*** Opening of DATASET EXCERPT ***

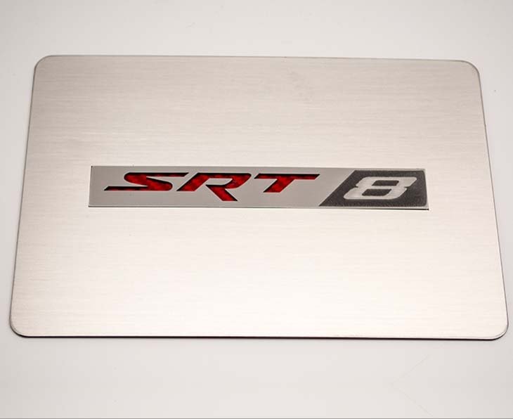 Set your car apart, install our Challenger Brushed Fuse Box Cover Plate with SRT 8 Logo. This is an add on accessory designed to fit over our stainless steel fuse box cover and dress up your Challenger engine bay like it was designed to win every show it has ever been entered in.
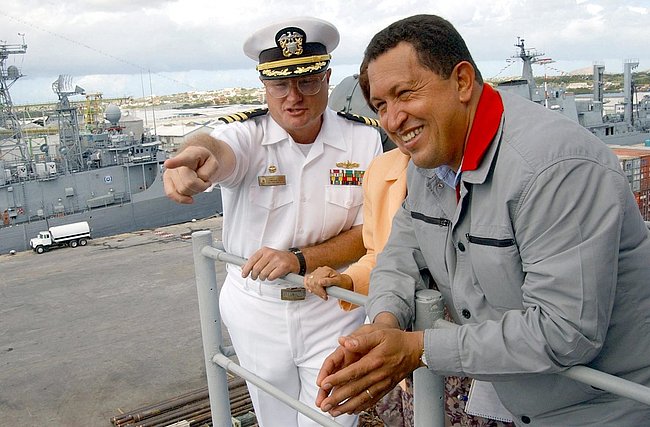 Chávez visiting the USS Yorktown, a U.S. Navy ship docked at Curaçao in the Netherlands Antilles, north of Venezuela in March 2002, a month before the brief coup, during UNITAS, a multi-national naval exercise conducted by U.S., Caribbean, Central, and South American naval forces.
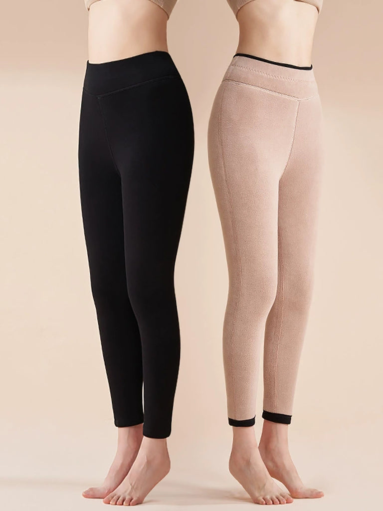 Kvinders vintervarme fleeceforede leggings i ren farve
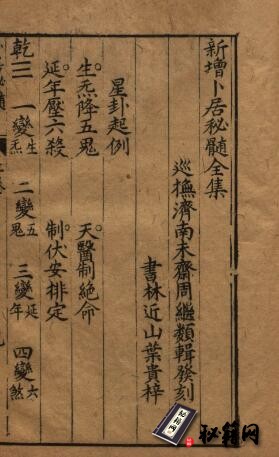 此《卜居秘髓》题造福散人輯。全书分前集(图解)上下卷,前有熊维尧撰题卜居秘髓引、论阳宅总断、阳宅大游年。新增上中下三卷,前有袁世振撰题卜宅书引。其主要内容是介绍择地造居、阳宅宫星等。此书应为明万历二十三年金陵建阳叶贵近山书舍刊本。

*** Close of DATASET EXCERPT ***

**WORK TO COMPLETE:** Write out the data word for word, with every picture dropped.

**ANSWER SPACE:**
 Set your car apart, install our Challenger Brushed Fuse Box Cover Plate with SRT 8 Logo. This is an add on accessory designed to fit over our stainless steel fuse box cover and dress up your Challenger engine bay like it was designed to win every show it has ever been entered in.
 Chávez visiting the USS Yorktown, a U.S. Navy ship docked at Curaçao in the Netherlands Antilles, north of Venezuela in March 2002, a month before the brief coup, during UNITAS, a multi-national naval exercise conducted by U.S., Caribbean, Central, and South American naval forces.
 Kvinders vintervarme fleeceforede leggings i ren farve
 此《卜居秘髓》题造福散人輯。全书分前集(图解)上下卷,前有熊维尧撰题卜居秘髓引、论阳宅总断、阳宅大游年。新增上中下三卷,前有袁世振撰题卜宅书引。其主要内容是介绍择地造居、阳宅宫星等。此书应为明万历二十三年金陵建阳叶贵近山书舍刊本。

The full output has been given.